Their courage makes us uncomfortable because it calls out our apathy for the cowardice it really is.
The time has come to seriously question our values when we cheer for our victorious sports teams but don’t give a second’s thought to the 434 people putting themselves in danger to expose corruption. We idolise those who entertain us, and abandon the ones trying to save us.
When 88% of whistleblowers need legal help to fight the disciplinary charges they face as a result of their actions, we know the process is rigged. It’s a deliberate strategy to ensure they’re too exhausted and too broke to ever make it to a witness stand.
The Whistleblower House is pushing hard for specialised courts and real, enforceable protection in 2026.
This shouldn’t even be a debate – it should have been the government’s immediate response the day after Babita Deokaran was killed.
The fact that we are still “discussing” whether or not to protect the people who save us billions of rands is a sign of a deep, systemic rot in our leadership.
And yet, we cannot keep blaming “the system” because the system is us.
It’s the HR managers who sign off on sham disciplinary charges. It’s the lawyers who take millions in state funds to silence an honest clerk. And it’s the whistleblower’s neighbours who suddenly don’t know them when they lose their job.
This is a moral failure of the highest order.
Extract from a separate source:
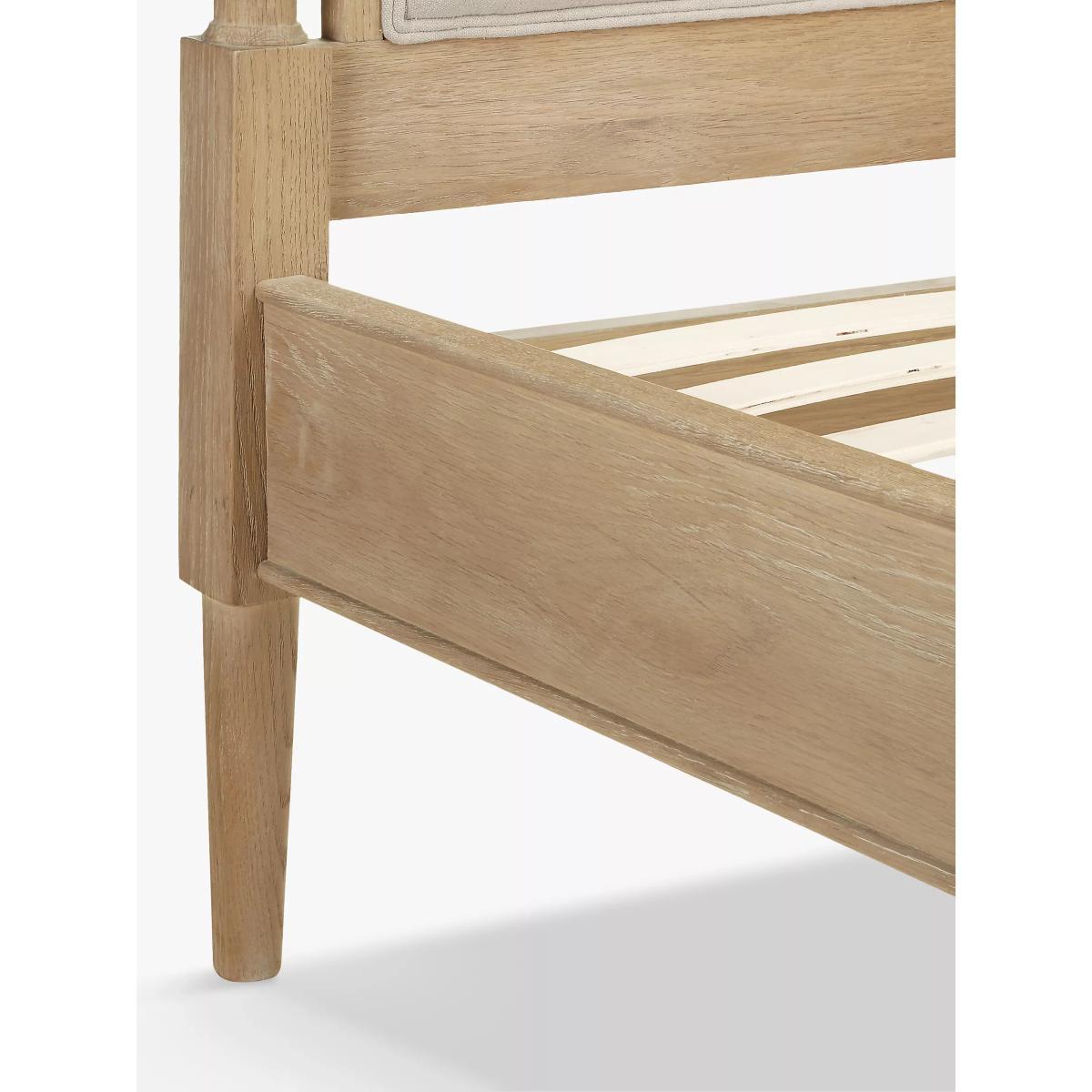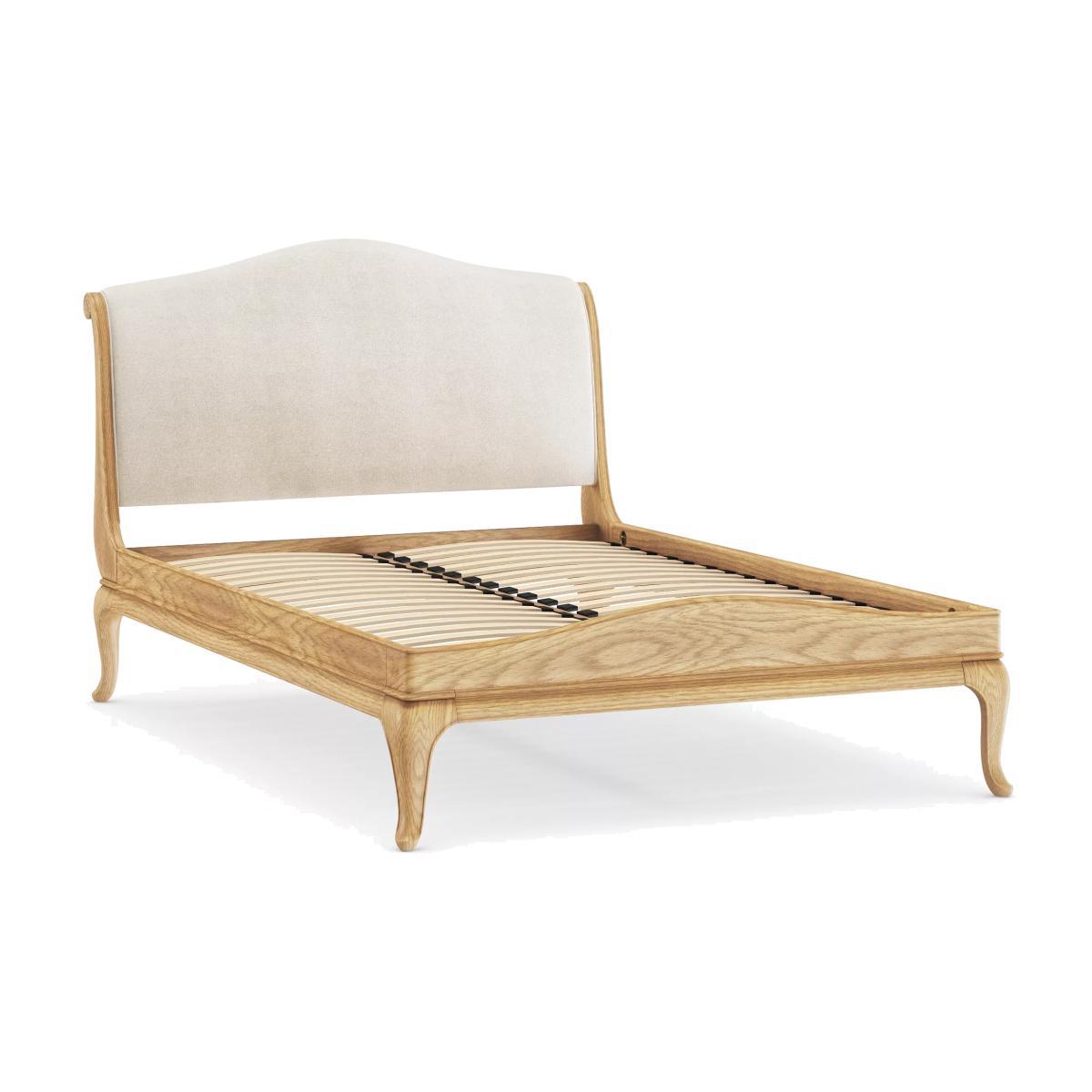 Craftsmanship at its finest. With an air of classical nostalgia, our Louis bed frame is made from solid white oak in a natural lacquer. Its weathered finish brings out the warmth of the wood and highlights its distinctive grains and tones. Handcrafted carvings on the frame honour its authentic period style and complement the fabric upholstery on the headboard. We've also added supportive sprung slats to the base. It's all the little details that help to make this bed frame a focal point in your bedroom. Want to see it first? You may want to see and get a feel for the furniture in one of our shops before ordering. We'll be able to tell you where the range you'd like to view is on display.

We have forced 434 people to fight our war for us, but we refuse to give them the weapons they need to win it.
The Whistleblower House shouldn’t be begging for donations, and it definitely shouldn’t be operating with a staff of just four.
It should be a national priority, funded and protected with the same intensity we bring to our most prized state assets. Because right now, those 434 people are our most prized assets. They are the only thing standing between us and South Africa’s total collapse into a kleptocracy.
In 2026, we have a choice. We can continue to ignore the efforts of the few, or we can finally lift our heads out of the sand and face the uncomfortable truth: saving our country means protecting our whistleblowers.
If we don’t, corruption will win, and there won’t be anything left to save.
Whistleblowers do what many are too scared to. If we leave them to die, then we deserve exactly what we’re going to get.
“Never in the field of human conflict was so much owed by so many to so few.”